Ms. Mallek stated that the 90-day provision is meaningless if no one is telling them to start the
clock on 90 days.
Mr. Fritz said that staff could add a provision to the ZTA to have applicants notify the County if
they abandon a site.
Mr. Rooker said that at least the annual reports would show what was on the tower and what
might have been added, and his question is whether staff is aware of this being a problem – because if
not, the reason for having the report is not as acute. Mr. Fritz responded that he is never aware of it
having ever been a problem.
Mr. Rooker asked about the plan to have a five-year report. Mr. Fritz replied that they had
discussed the possibility for three years or five years, which is still an option, but for this amendment staff
went with the “upon request” concept. He explained that when a tower application is submitted and staff
processes it and determines whether it can be approved, and once it is approved the applicant will submit
their final construction documents – and included in that will be additional information such as verification
of the height of the tower, height of the reference tree, etc.

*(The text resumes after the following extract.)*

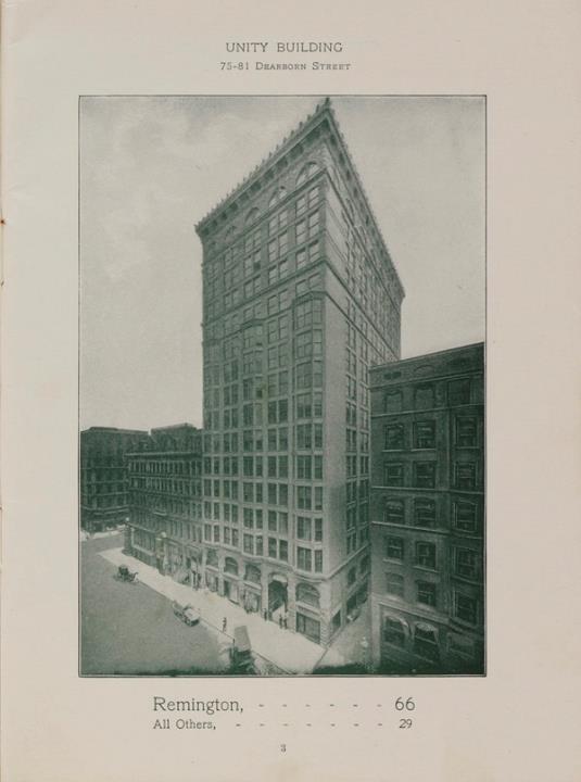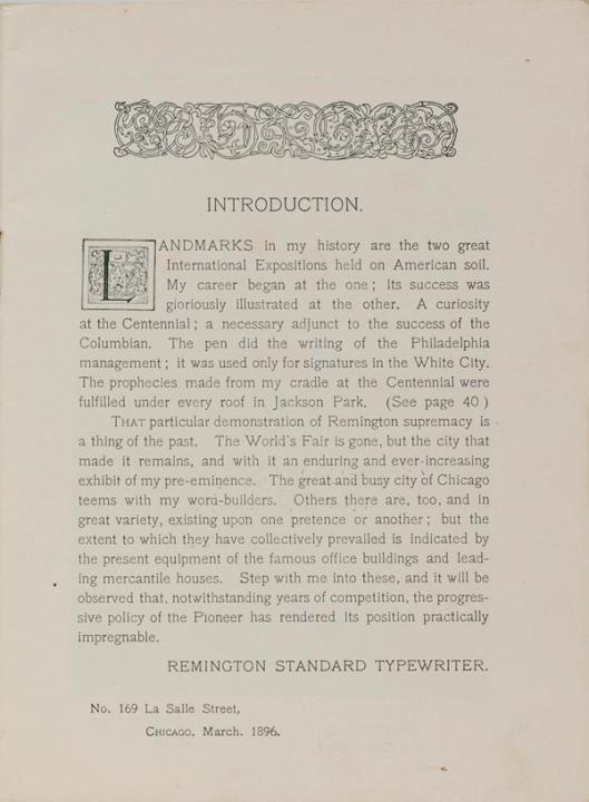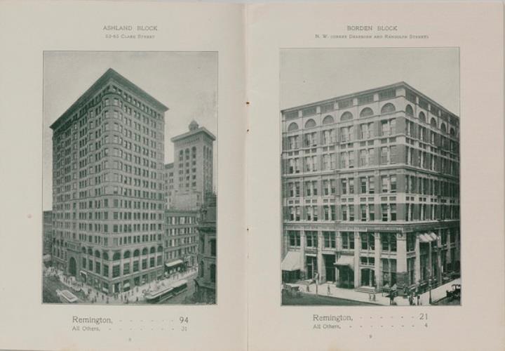 Prospekt mit Ansichten von Bürogebäuden, in denen mit Schreibmaschinen Remington gearbeitet wird, zwei Exemplare (eines fotokopiert/gebunden)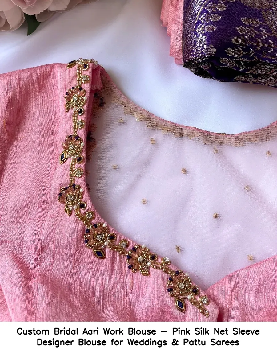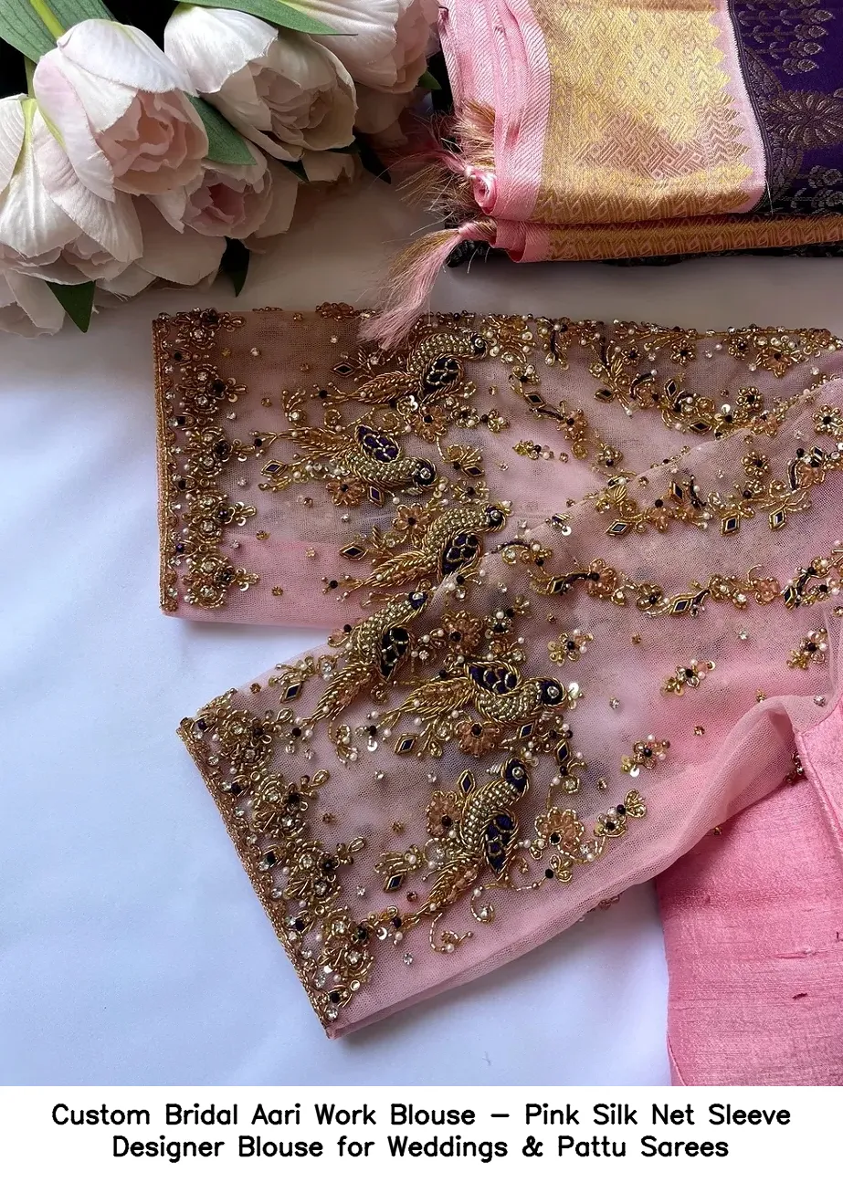 Custom Bridal Aari Work Blouse – Pink Silk Net Sleeve Designer Blouse for Weddings & Pattu Sarees

Mr. Rooker asked why was the mention of the adverse impact on “resources identified in the open
space plan” was deleted. Mr. Fritz explained that it is because staff is taking out the difference between 7
and 10, and are still looking at it to determine whether it impacts the open space resources and other
resources identified in items 2 and 3.
Mr. Rooker asked Mr. Fritz if the part that he thought was taken out, was picked up in items 2 and
3. Mr. Fritz replied that he believed so.
Mr. Rooker asked why the County is not mandating that an application meet all compliance
requirements of 5.1.4, as the proposed changes just singles out items 1-4 and 7. Mr. Fritz responded that
because this pertains to collocation, and staff doesn’t need to get things like a survey of the parcel or
photographs, so it knocks out the items that were covered in a prior application, or by prior information.
March 13, 2013 (Special Day Meeting)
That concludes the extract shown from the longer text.